> Task instructions:
All that is wanted is the exact lines from the first line of the data below through the line with "WXM also designed", both ends included, with pictures omitted.

> Dataset content:
[Start of section]

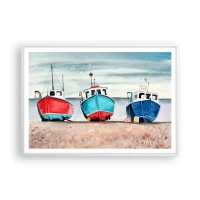 Póster - Coloridos barcos de pesca en la orilla en un paisaje marino - 100x70cm - Listos para la pesca - Decoración de pared moderna para salón y dormitorio ARTTOR
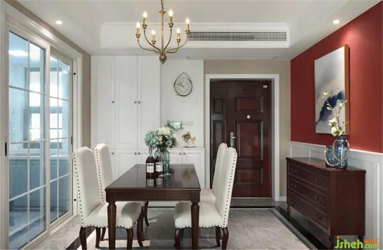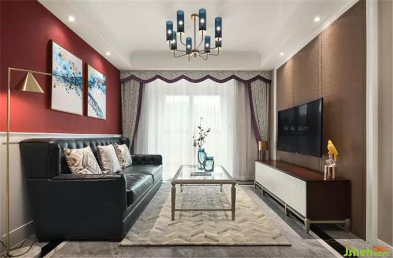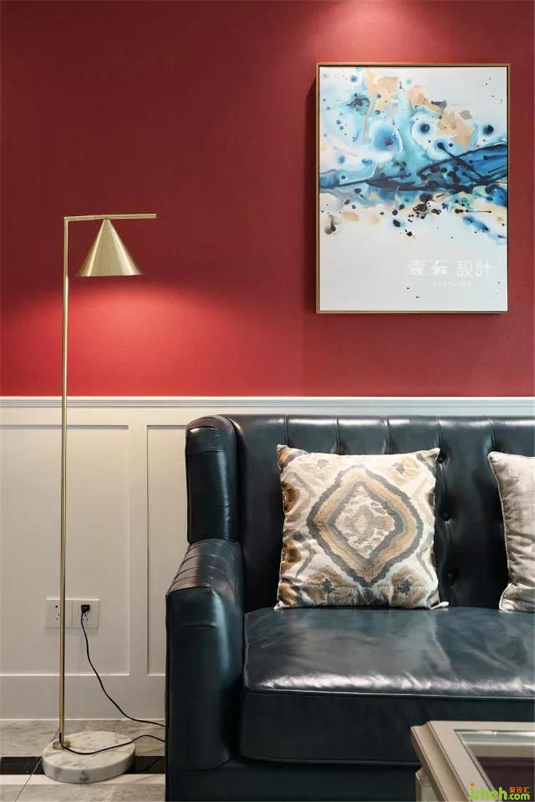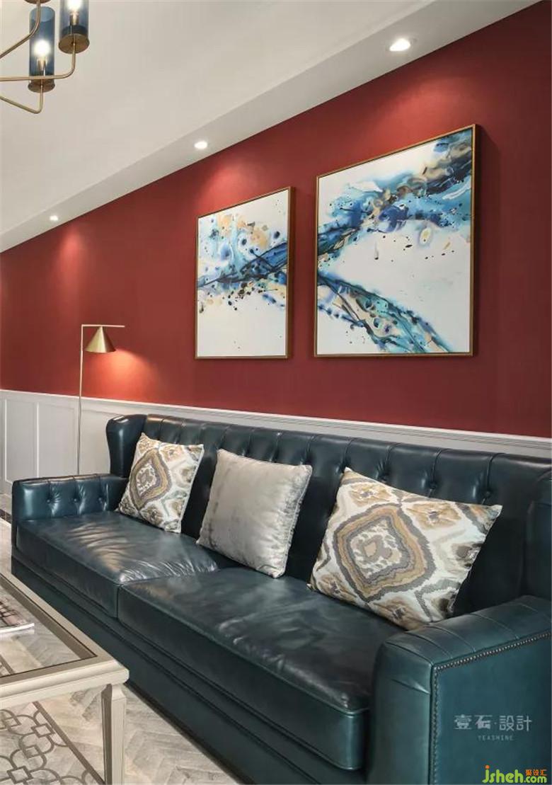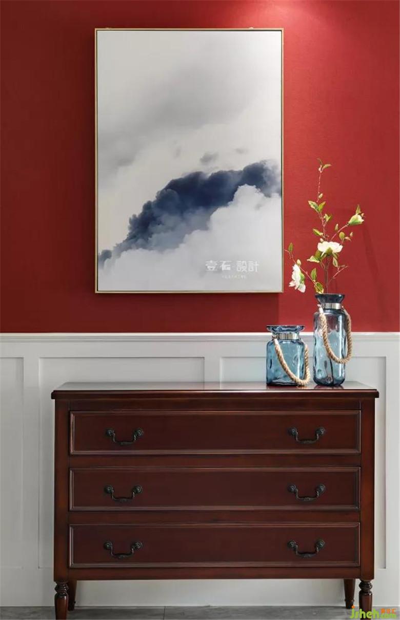 装修公司整体色调温馨为主,选用朱砂红提色,让整个空间鲜活起来;在家装设计中,亮色只可小面积使用,多则不宜。
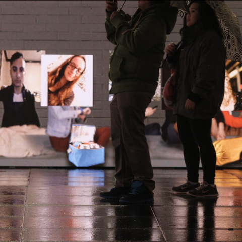 WXM also designed software to allow the avatars to react to their environment. When music played they danced, when it rained, they raised umbrellas and overnight they slept in sleeping bags.
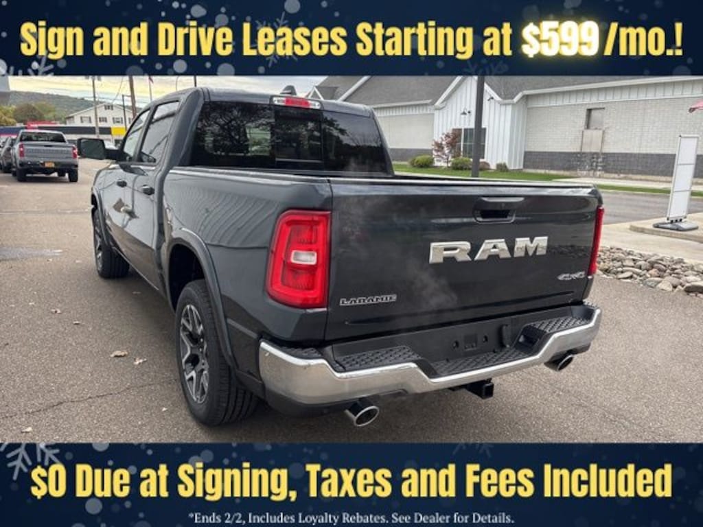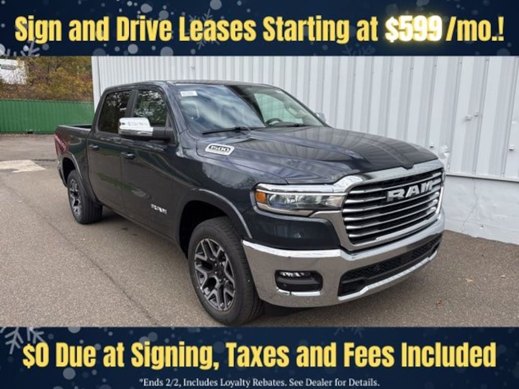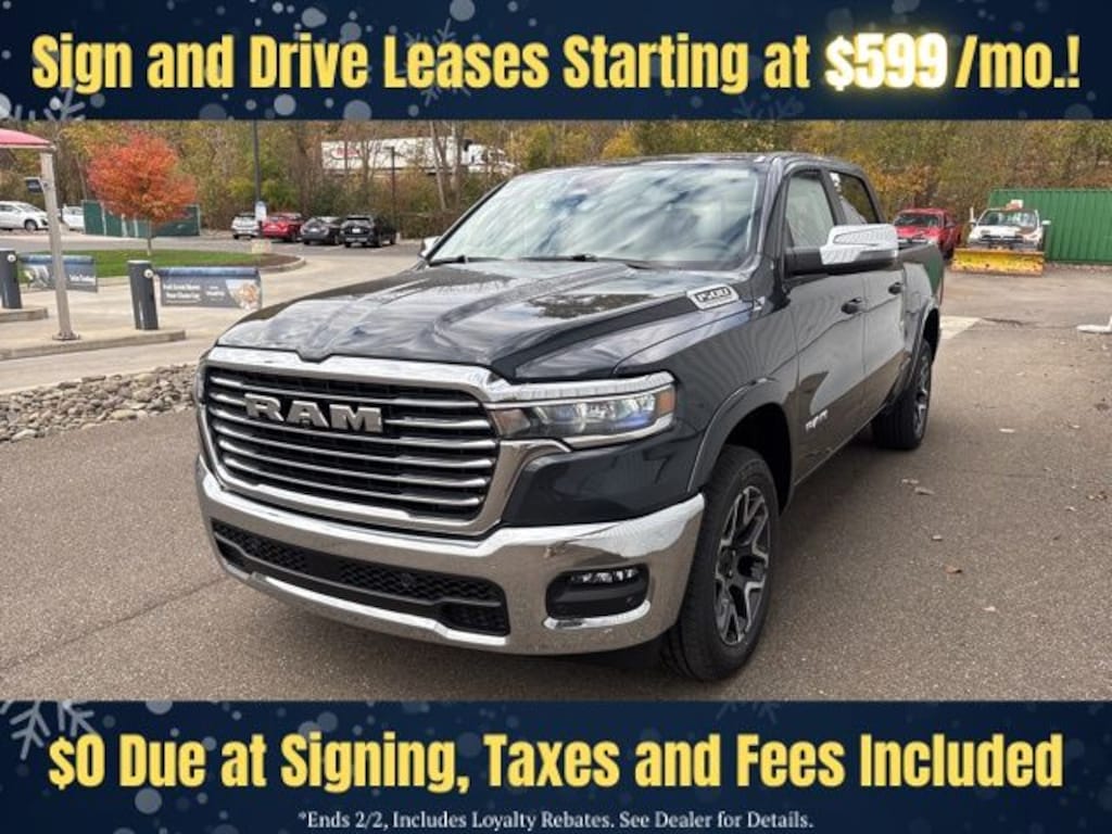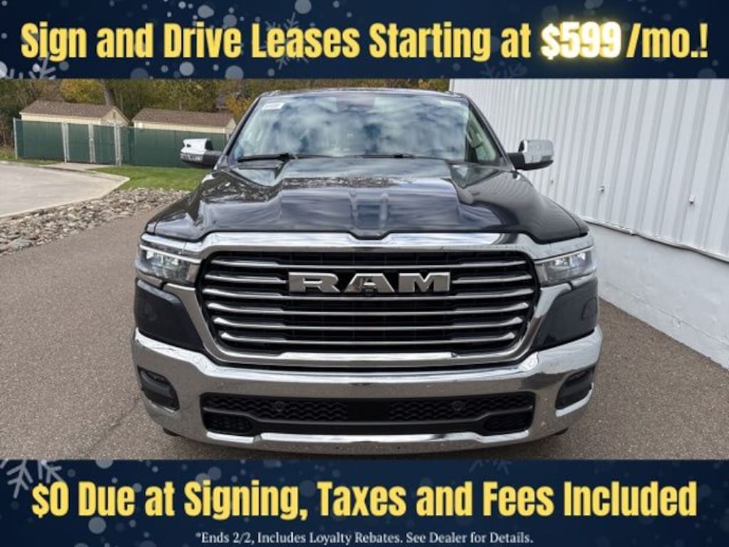 Forged Blue Metallic 2026 Ram 1500 Laramie 4WD 8-Speed Automatic 3.0L I6 Save Time at the Dealership by Customizing your Deal Online!, 10 Speakers, 3.55 Rear Axle Ratio, 4-Wheel Disc Brakes, 4G LTE Wi-Fi Hot Spot, ABS brakes, Active Noise Control System, Air Conditioning, Alloy wheels, AM/FM radio: SiriusXM with 360L, Apple CarPlay/Android Auto, Audio memory, Auto High-beam Headlights, Auto Power-Folding Mirrors, Auto-dimming door mirrors, Auto-Dimming Exterior Driver Mirror, Auto-dimming Rear-View mirror, Automatic temperature control, Brake assist, Bumpers: chrome, Chrome Exterior Mirrors, Compass, Connected Travel and Traffic Services, Connectivity - US/Canada, Convex Wide-Angle Exterior Mirror Insert, Delay-off headlights, Driver door bin, Driver vanity mirror, Dual front impact airbags, Dual front side impact airbags, Electronic Stability Control, Exterior Mirrors Courtesy Lamps, Exterior Mirrors with Heating Element, Exterior Mirrors with Memory, Exterior Mirrors with Supplemental Signals, Front anti-roll bar, Front Bucket Seats, Front Center Armrest w/Storage, Front dual zone A/C, Front fog lights, Front License Plate Bracket, Front reading lights, Front wheel independent suspension, Fully automatic headlights, Garage door transmitter, GPS Navigation, Heated door mirrors, Heated front seats, Heated rear seats, Heated steering wheel, Illuminated entry, Integrated Center Stack Radio, Integrated Voice Command with Bluetooth, Laramie Level 1 Equipment Group, Leather steering wheel, Leather Trimmed Bucket Seats, Low tire pressure warning, Manufacturer's Statement of Origin, Memory seat, MOPAR Front and Rear Rubber Floor Mats, Navigation System, Occupant sensing airbag, Off-Road Information Pages, Outside temperature display, Overhead airbag, Overhead console, Panic alarm, ParkView Rear Back-Up Camera, Passenger door bin, Passenger vanity mirror, Power door mirrors, Power driver seat, Power passenger seat, Power steering, Power windows, Quick Order Package 21H Laramie, Radio data system, Radio: Uconnect 5 Navigation with 12.0" Display, Rain Sensitive Windshield Wipers, RAM Grille Badge - Chrome, Rear anti-roll bar, Rear reading lights, Rear seat center armrest, Rear step bumper, Remote keyless entry, Remote Tailgate Release, Security system, SiriusXM Radio Service, SiriusXM with 360L, Speed control, Split folding rear seat, Steering wheel mounted audio controls, Tachometer, Telescoping steering wheel, Tilt steering wheel, Traction control, Trip computer, Turn signal indicator mirrors, USB Host Flip, Variably intermittent wipers, Ventilated front seats, Voltmeter, Wheels: 20" x 9" Premium Paint/Polish.

[End of section]

> Completed task:
 Póster - Coloridos barcos de pesca en la orilla en un paisaje marino - 100x70cm - Listos para la pesca - Decoración de pared moderna para salón y dormitorio ARTTOR
 装修公司整体色调温馨为主,选用朱砂红提色,让整个空间鲜活起来;在家装设计中,亮色只可小面积使用,多则不宜。
 WXM also designed software to allow the avatars to react to their environment. When music played they danced, when it rained, they raised umbrellas and overnight they slept in sleeping bags.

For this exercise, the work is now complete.